Segment Open
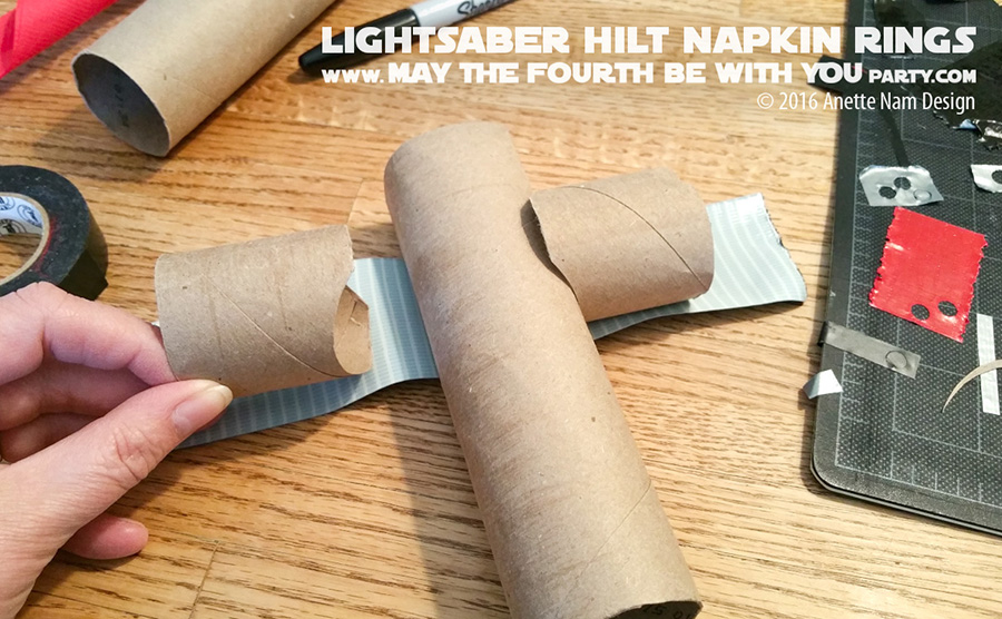 Today, we are doing a simpler version of the Lightsaber Hilt Napkin Rings. This easier version requires less time, less mess, and less sharp tools… but is just as much fun to make…maybe even more so. ‘Cuz who doesn’t enjoy doing crafts with paper towel rolls and Duct tape 🙂
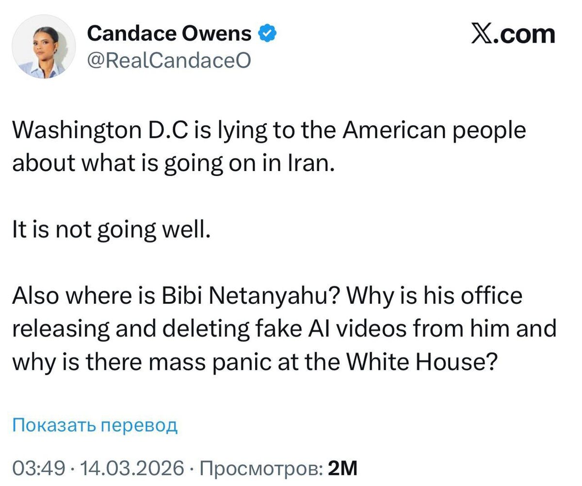 : «Вашингтон лжет американскому народу о том, что происходит в Иране. Дела идут плохо. А где же Нетаньяху? Почему его администрация публикует и удаляет фейковые видео с его участием, созданные искусственным интеллектом, и почему в Белом доме царит массовая паника?». 🤗 НАСОНОВ ▶️
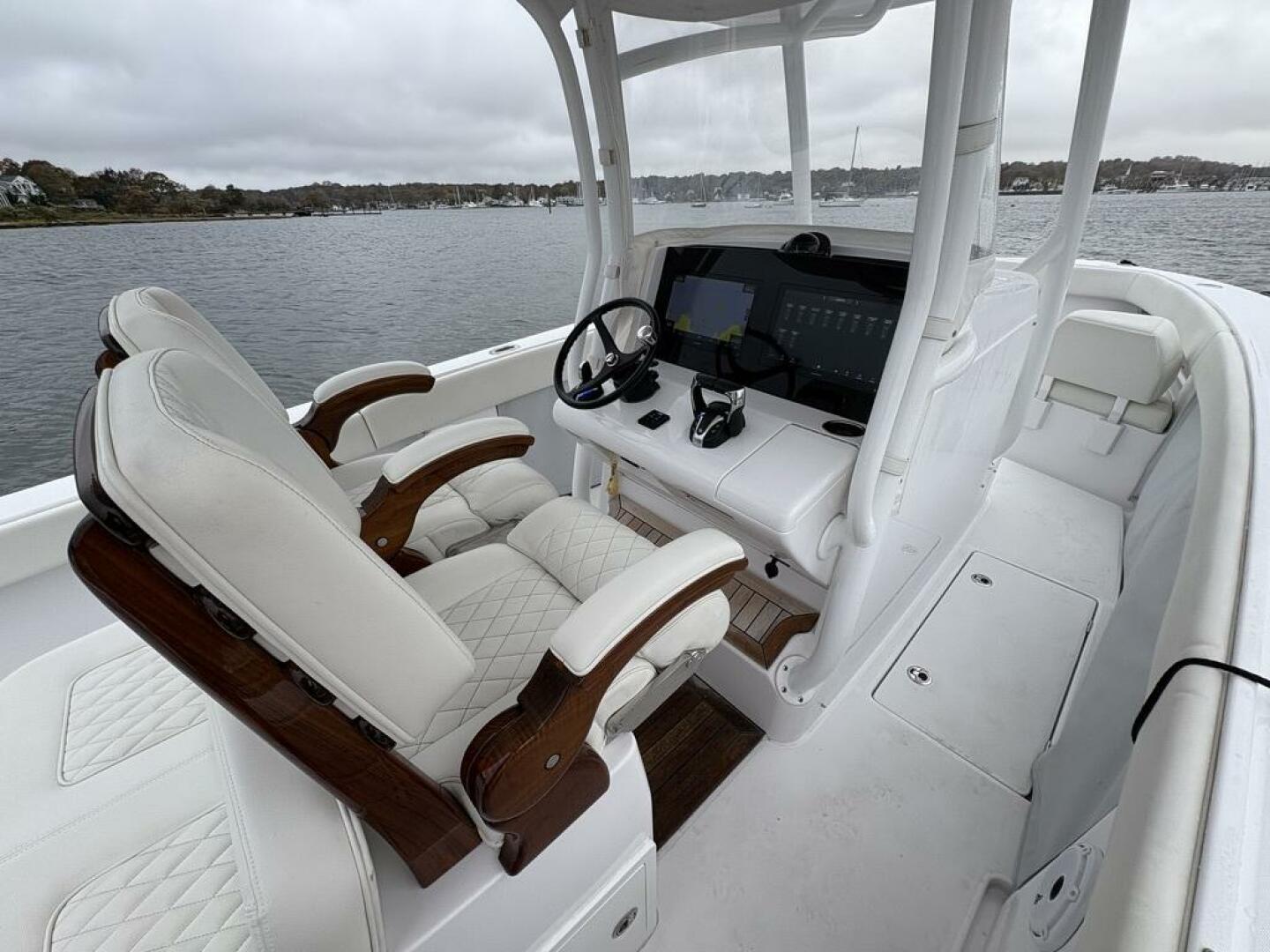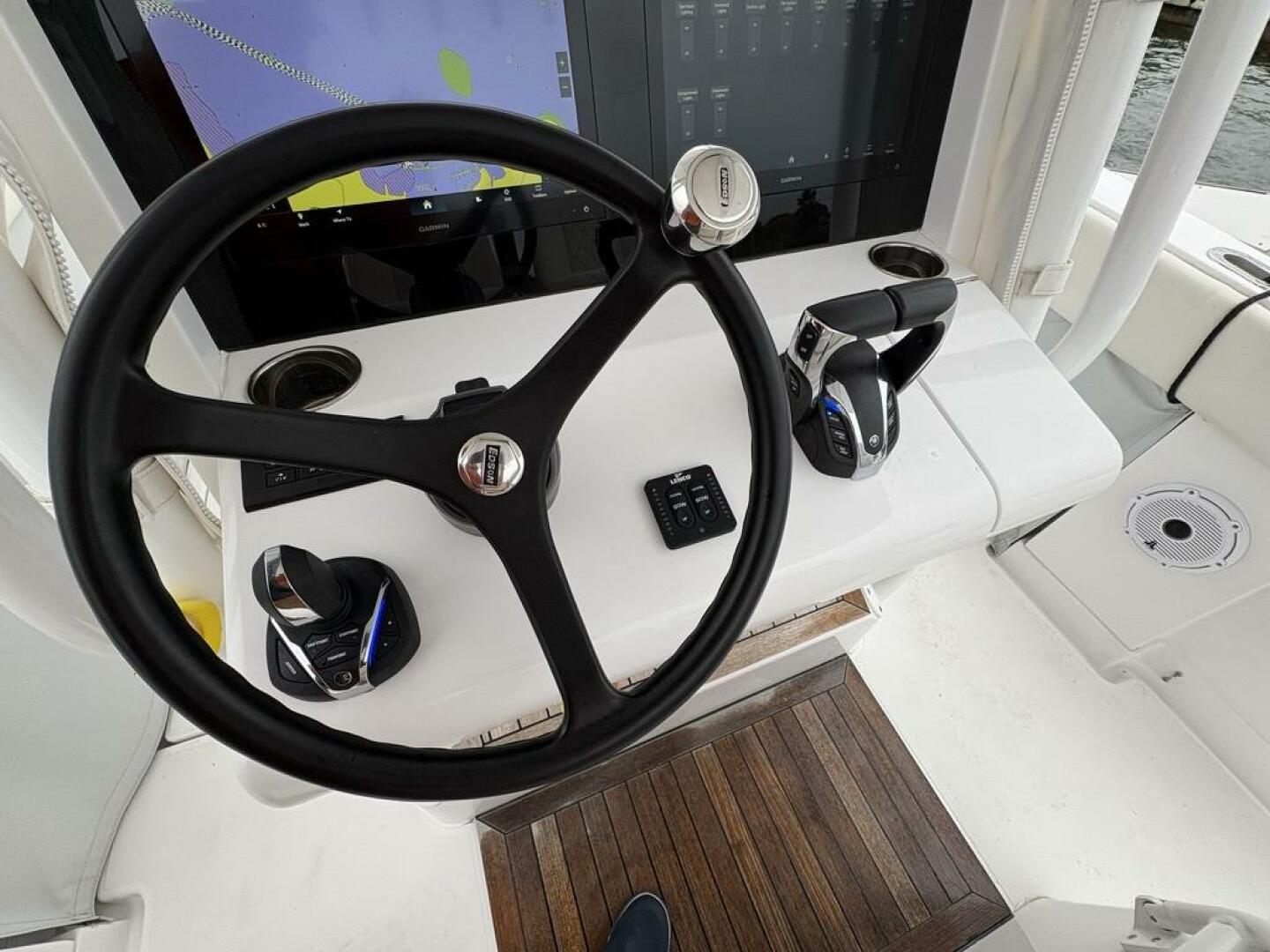 From offshore fishing to waterfront dining, secluded beaches to the yacht club, the Jupiter 30 with its variety of features and seating options can do it all. This low hour 2023 Jupiter 30 is powered by a pair of low hour Yamaha F300's which are accompanied by the Yamaha Helmaster EX Joystick System for unaparalleled ease of maneuverability.
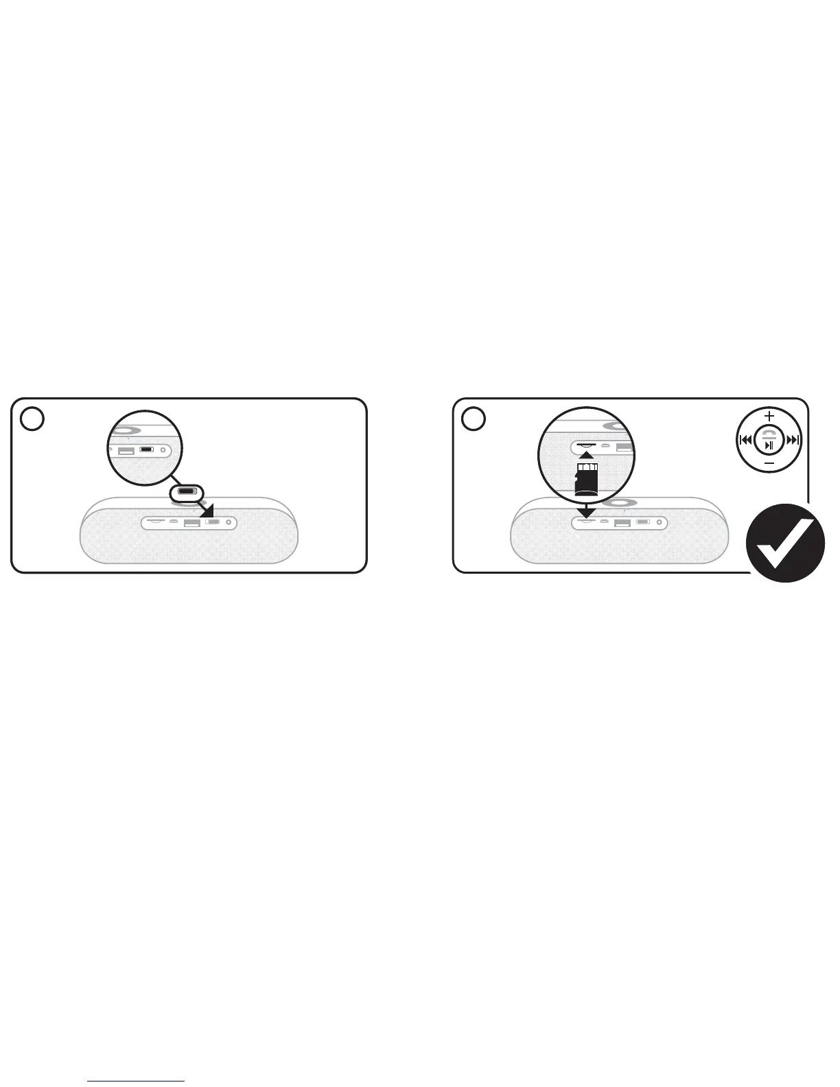 2. The memory card will be detected automatically and the speaker starts to playback your music. Use the navigation pannel for music control. Push
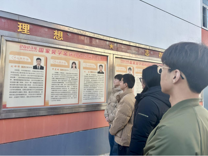 同学们通过宣传展板深入了解和学习国家奖学金获得者的先进事迹,深刻感悟到国奖获得者在学习生活、比赛竞赛、社会实践、志愿服务中的心路历程和顽强拼搏,矢志追梦的先进事迹,为全校学生树立了标杆和榜样。同学们从他们身上感受到了“积极向上”的正能量,这是一堂鲜活生动的思政大课。
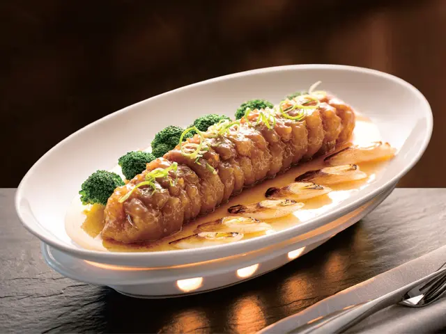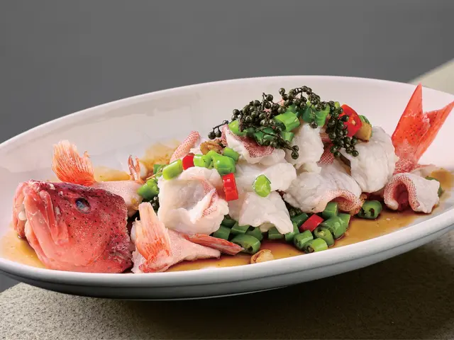 ,展出多款游水海鮮,實在吸睛!用餐大堂樓底唔算矮,間隔開揚,舖上厚厚嘅地毯有助吸音。據悉,店內另有三間廂房,分別最多可容納上八人、十四人及十八人,對應嘅晚市最低消費為五千蚊、八千蚊及萬五蚊,其中唯一設有私人廁所嗰間十四人房就最多人訂。每位席上都擺有齊備嘅自用及公用餐具。網上已有人上載厚本餐牌,其首頁先道出店子「金齏玉饌」嘅理念。最後一頁列明茗茶$18/位及其他雜項收費詳情。開瓶費$100/枝,實屬良心價,不過新張期間暫免開瓶費,酒鬼們有福啦
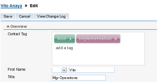 In addition to visually identifying tags, you can search for any tag by adding the field to your search forms. When searching simply wrap your search terms with the wild card. A search for "Won" would be entered as "%Won%". All records with that tag will then return.
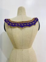 This is a majestic embroidery piece that exudes regal charm and artistic elegance. Set against a rich purple backdrop, the design features flowing golden-yellow vines, floral bursts, and symmetrical motifs that radiate from the centre like a royal emblem.
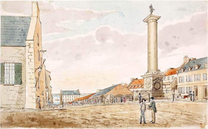 Le monument de Nelson et la Place du marché, Montréal, 20 juillet 1829
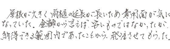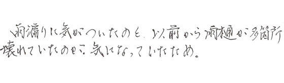 良かったです。話を聞いて今回、藤井金属工業さんに雨樋工事や雨漏り修理をお願いしようと思った理由を教えていただけますか?
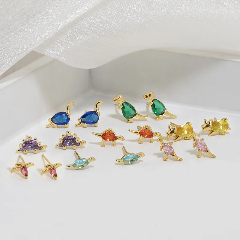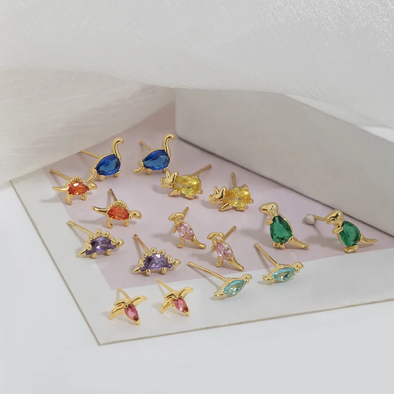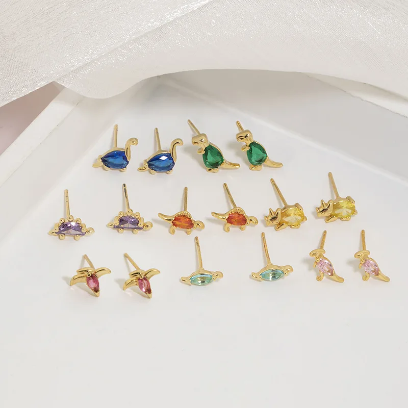 Летние Новые Роскошные серьги-гвоздики с фианитом, динозавр, позолоченные милые маленькие серьги с животными для женщин и девушек, модные украшения
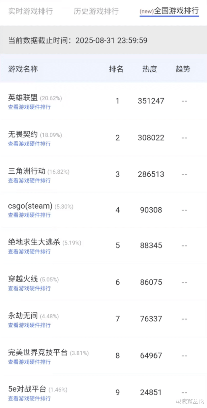 随着暑假的钟声缓缓落下,中国端游市场却像被按下了加速键。精灵AI全国网吧游戏实时数据,截至8月31日,《英雄联盟》以20.62%的热度占比和超过35万的绝对数值继续盘踞榜首;紧随其后的是《无畏契约》,它以18.09%的占比、突破30万的热度值,牢牢锁定第二名,并确立了自己在FPS赛道的王者地位。两大平台、两个维度,却指向同一个结论:MOBA与FPS依旧是网吧流量的双引擎。
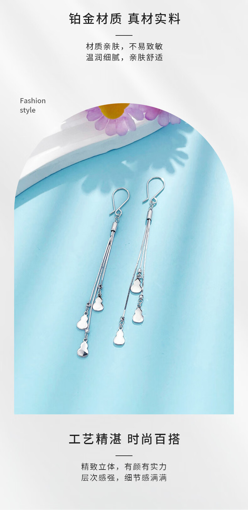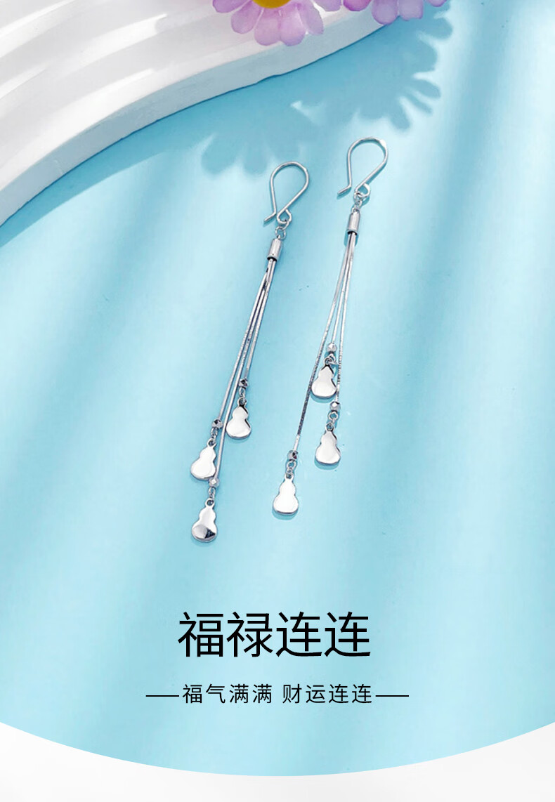 Laofu gold platinum earrings tassel lucky gourd earrings as gifts for girlfriends as gifts, about 4.40g
Segment Closed
_To do_. In the material above, which lines fall between the one holding "2. The memory" and the one holding "同学们通过宣传展板深入了解和", inclusive? Print exactly those, with the pictures left out.

_Result for this task_.
 2. The memory card will be detected automatically and the speaker starts to playback your music. Use the navigation pannel for music control. Push
 同学们通过宣传展板深入了解和学习国家奖学金获得者的先进事迹,深刻感悟到国奖获得者在学习生活、比赛竞赛、社会实践、志愿服务中的心路历程和顽强拼搏,矢志追梦的先进事迹,为全校学生树立了标杆和榜样。同学们从他们身上感受到了“积极向上”的正能量,这是一堂鲜活生动的思政大课。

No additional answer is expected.